## PROBLEM:
In the records below, find the line containing "Antique Qing Dynasty" and return it together with every later line, exactly as written; pictures are to be omitted.

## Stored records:
######
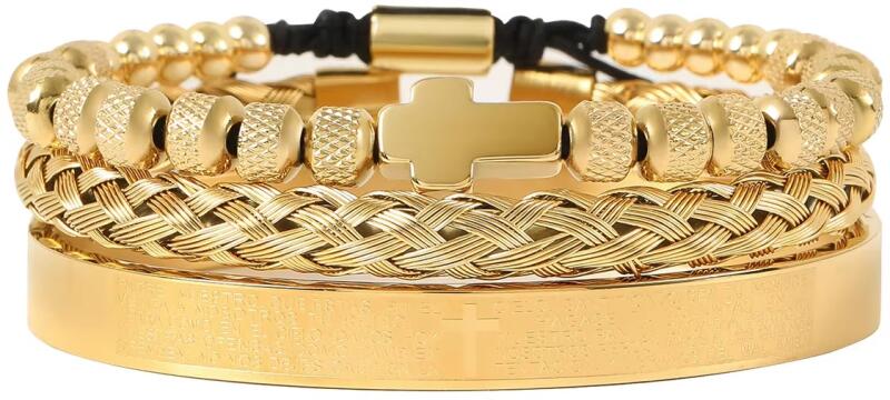 Dolorite Karkötők A Dolorite karkötők szépen mutatnak a csuklón, fényűző és különleges hatást keltenek. A szett három darab karkötőt tartalmaz, amelyek különböző kialakításúak: merev vésett mintás, merev fonott és zsinórra fűzött kereszt medálos, arany színű gyöngyökkel. Mindegyik darab úgy készült, hogy szépen mutassanak külön-külön is, de harmonikusan mu
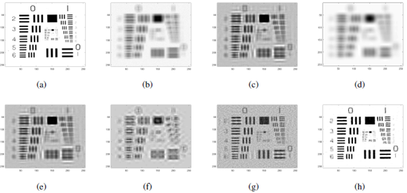 En la figura 4, la imagen (a) de tamaño 255x271 píxeles es degradada con una PSF exponencial con varianza de 16, un coeficiente q = 3 y de tamaño 11x11. Esta imagen fue contaminada con 0,5% de ruido. Se usaron los parámetros de regularización α = 1 x 10-2 y γ = 2,5x10-2.
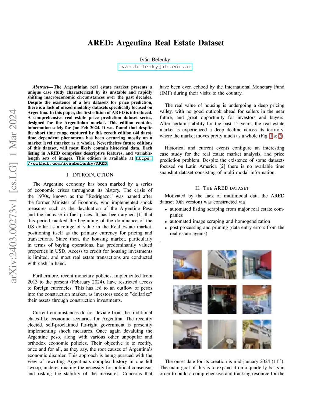 The Argentinian real estate market presents a unique case study characterized by its unstable and rapidly shifting macroeconomic circumstances over the past decades. Despite the existence of a few datasets for price prediction, there is a lack of mixed modality datasets specifically focused on Argentina. In this paper, the first edition of ARED is introduced. A comprehensive real estate price prediction dataset series, designed for the Argentinian market. This edition contains information solely for Jan-Feb 2024. It was found that despite the short time range captured by this zeroth edition (44 days), time dependent phenomena has been occurring mostly on a market level (market as a whole). Nevertheless future editions of this dataset, will most likely contain historical data. Each listing in ARED comprises descriptive features, and variable-length sets of images.
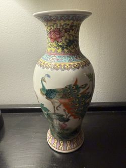 Antique Qing Dynasty Chinese Famille Vase with Exotic Birds And Calligraphy Poem$250Jackson, MI
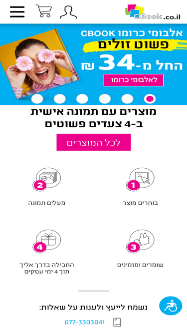 באתר cbook תוכלו לעצב ולהדפיס אלבומים דיגיטליים, תמונות לקיר, פיתוח תמונות על נייר קודאק, מחברות, ספלים ושלל מתנות אישיות. כל זאת בתוכנת עריכה אונליין, קלה לשימוש עם מגוון עיצובים חדשים
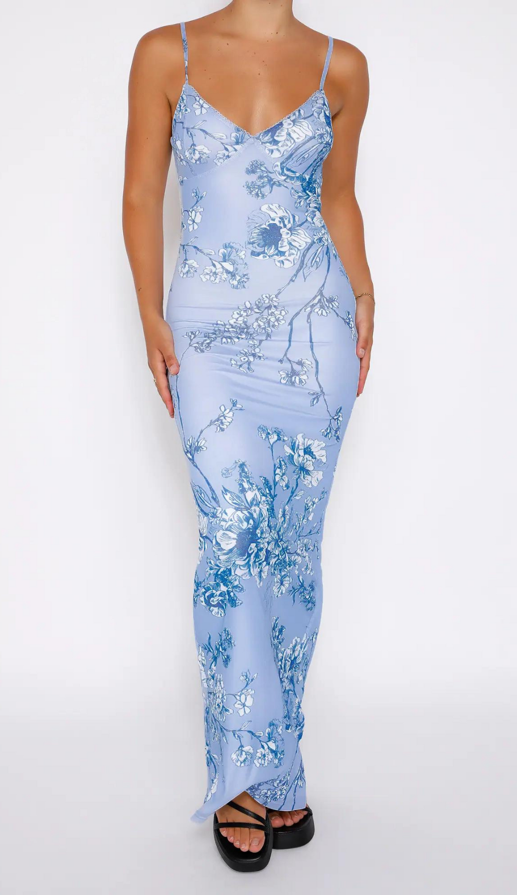Karolina features an all-over ceramic floral print, v-neckline, adjustable spaghetti straps, eyelet trim detail at the edge, slip in, fully lined (not sheer) made of 92% polyester 8% elastane
######
## RESULT OF THE EXERCISE:
 Antique Qing Dynasty Chinese Famille Vase with Exotic Birds And Calligraphy Poem$250Jackson, MI
 באתר cbook תוכלו לעצב ולהדפיס אלבומים דיגיטליים, תמונות לקיר, פיתוח תמונות על נייר קודאק, מחברות, ספלים ושלל מתנות אישיות. כל זאת בתוכנת עריכה אונליין, קלה לשימוש עם מגוון עיצובים חדשים
Karolina features an all-over ceramic floral print, v-neckline, adjustable spaghetti straps, eyelet trim detail at the edge, slip in, fully lined (not sheer) made of 92% polyester 8% elastane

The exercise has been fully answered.